Андрей оглядывается на голоса. На него настороженно, неприязненно смотрят женщины. Кому из них принадлежат сказанные слова — догадаться трудно. Он шагает по берегу, направляясь туда, где оставил Любашу. Одна из женщин — высокая и плоская, с резким испитым лицом и злыми глазами, что стоит поближе с ребенком на руках, — насмешливо окликает:

— Ну что, герой, мальчишку-то проворонил? За собой-то зачем его было тащить? Аль в башке не смикитило?

— Никто не тащил его, — отвечает Андрей, останавливаясь.

Женщина резко подается к нему и кричит:

— Уж не отпирался бы, коль напрокудил! Вот еще отец Васьки покажет тебе. Ребра-то пересчитает!

Парень, привезший Андрея, машет на нее рукой:

— Чего ты, Нинша, разоралась? Он сам едва богу душу не отдал!

— И надо было! — огрызается Нинша, швырнув на другую руку заплакавшего ребенка. — Вместе с той стервой-то, с Лушкой, надо было им! Игрушку нашли — гулянку на озере. И парнишку, царствие ему небесное, с собой потянули.

— Не кричи ты, пожалуйста, — слышит неожиданно Андрей голос Любаши. Она оказалась вдруг рядом, держа под мышкой его свернутые брюки и футболку.

— Если ничего не знаешь — не мели языком, — говорит она, с неприязнью глядя на Ниншу. — Лушка-то с Васильком вперед уехали, а потом туда он поплыл. Надо еще разобраться, как утонул Василек, а потом кричать.

— О, защитница выискалась, — зло сверкает глазами Нинша, кивая женщинам на Любашу. — Еще подол-то в соплях, а туда же за кавалерами тянется.

— Брось ты, Нинша, — останавливает ее кто-то из женщин: — Устинья Семеновна узнает — в два счета с тобой разделается.

— Боялась я, — сразу притихает Нинша. — Слова не скажи, господа какие нашлись.

Любаша внимательно вприщур смотрит на нее, потом отворачивается и тихо говорит Андрею:

— Пойдем… Пусть сами тут разбираются.

И пошла по краю берега, оставляя на мокром, водянистом песке круглые ямочки следов.

Она сознательно уводит Андрея от рассерженных женщин, стараясь не думать о том, виновен ли он в гибели Василька. Ей просто хочется, чтобы он был в безопасности.

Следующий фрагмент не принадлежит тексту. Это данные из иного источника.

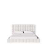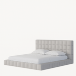 Structure: Asymmetric upholstered headboard with square tufting, supported by a solid wood platform base.
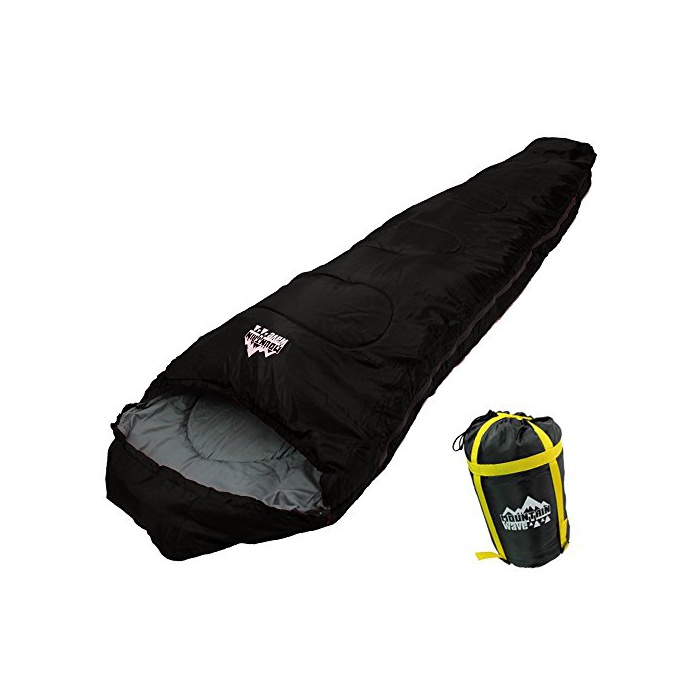 MOUNTAIN WAVE 침낭 고급 《슈라후》 -15℃ 《마미》형 등산동용 아웃도어 차 안박 방재용 재해시 보온성UP 경량 통째로 세탁 (검정)
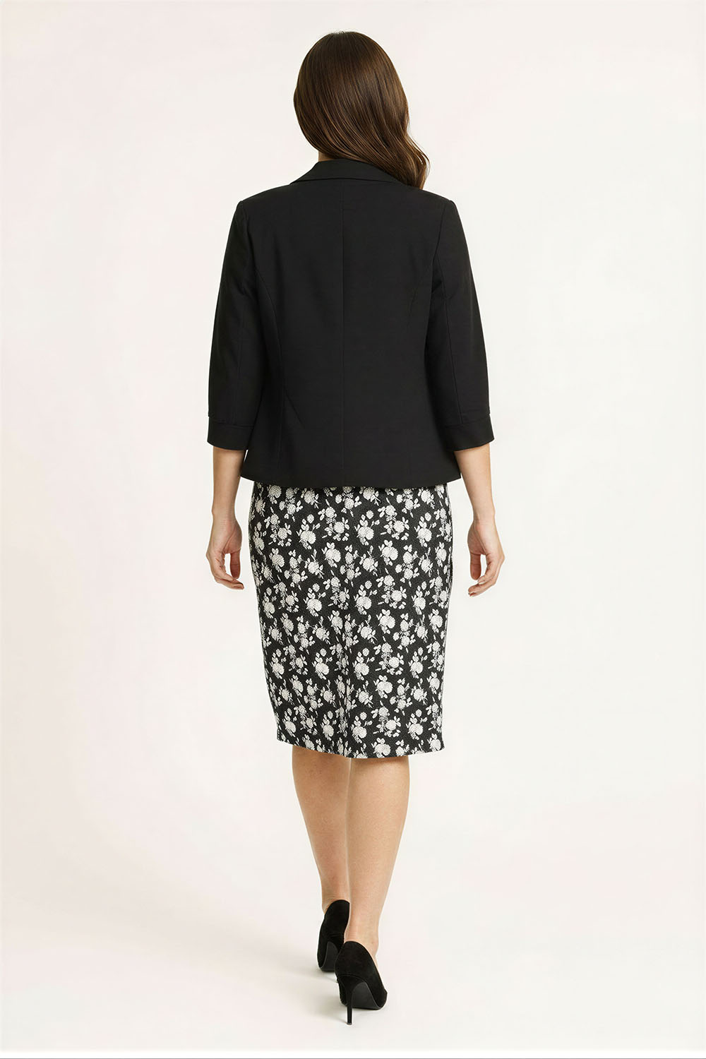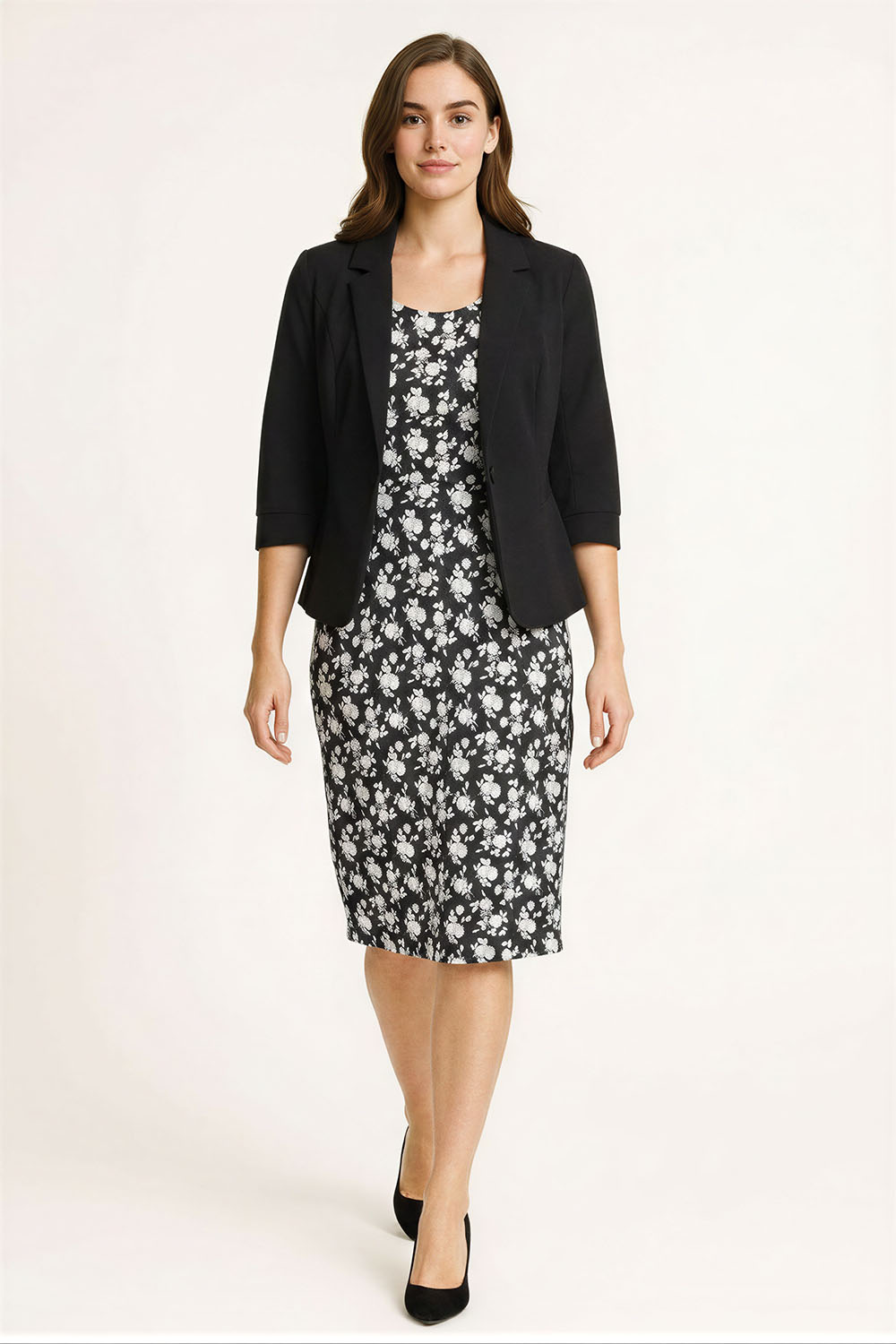 Conjunto de vestido con saco de corte recto que brinda una apariencia estructurada, vestido de largo a la rodilla con caída suave que favorece el movimiento, escote en forma amplia que aporta frescura, saco con solapa clásica y manga media que complementa la prenda con un acabado versátil
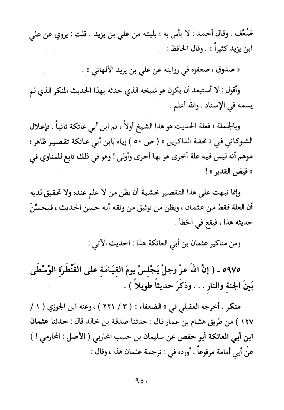 5975 - (إن اَللَّه عزّ وجلّ يَجْلِسُ يوم القيامة على القنطرة الوسطى بين الجنة والنار. . . وذكر حَدِيثاً طَوِيلًا) .
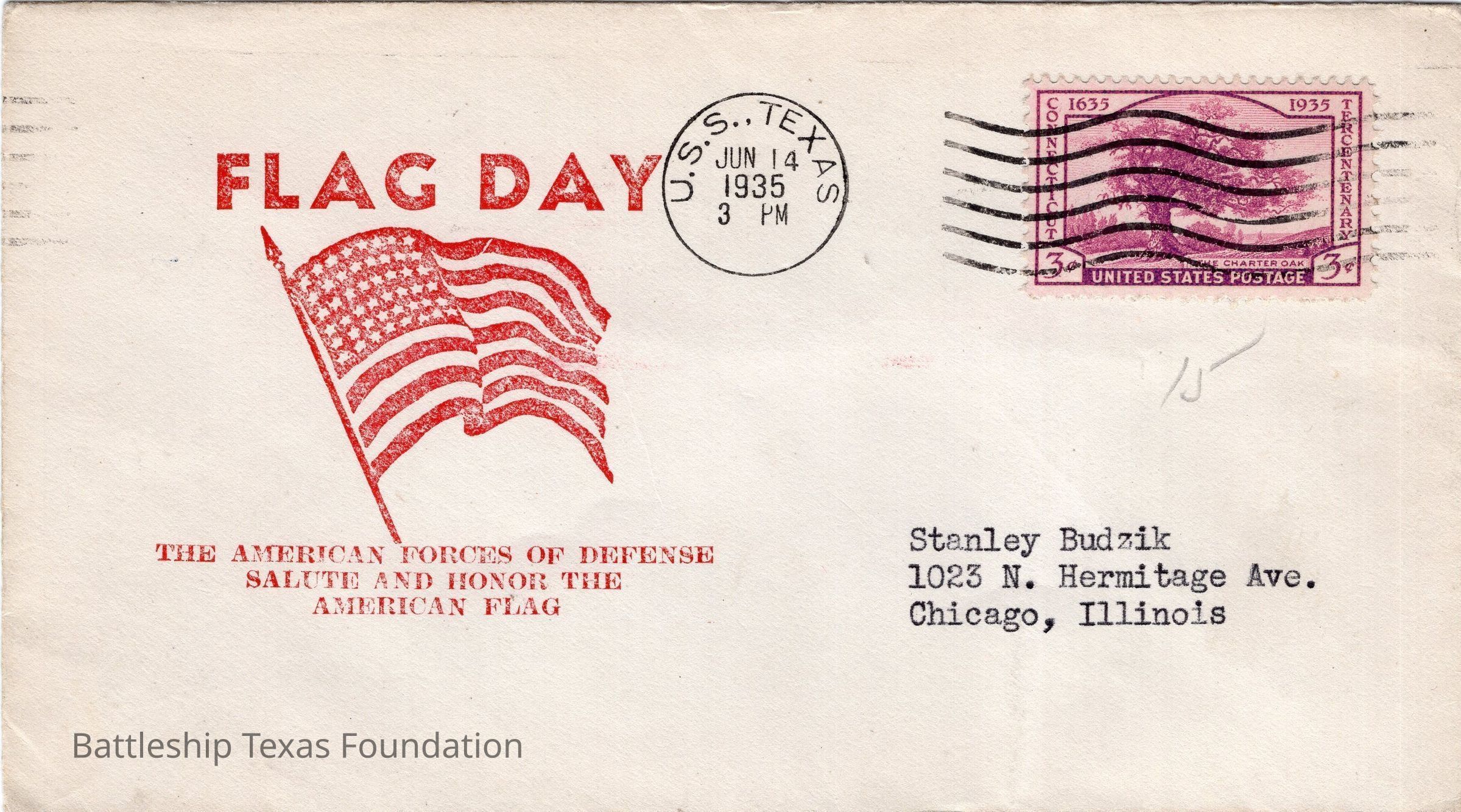 Addressed to Stanley Budzik. Envelope sent from USS Texas on the afternoon of June 14, 1935. Features a "FLAG DAY" stamp with a 48-star US flag and captioned "the American Forces of defense salute and honor the American flag"

Андрей идет за нею, удивляясь, как магически успокаивающе подействовало на Ниншу упоминание об Устинье Семеновне.

— Люба…

Она оглядывается, замедлив шаги и ожидая его, потом молча идет рядом, тревожно посматривая на середину озера, где едва приметной точечкой темнеет камышовый островок.

— И зачем я отпустила тебя? Как хоть у вас там все случилось?

Андрей пожимает плечами.

— Не знаю, — тихо говорит он. — Для меня ясно одно: не надо было пацана стращать из-за этих идиотских подсолнухов…

Любаша не отвечает. Она видит выходящую из проулка мать и останавливается, протянув Андрею одежду:

— Надень… Мама вон смотрит.

И неторопливо идет к проулку и что-то долго и горячо рассказывает матери. Устинья Семеновна молча и пристально смотрит на дочь, потом до Андрея доносится:

— Иди домой!

Затем Устинья Семеновна направляется к разноголосо гудевшей возле воды толпе.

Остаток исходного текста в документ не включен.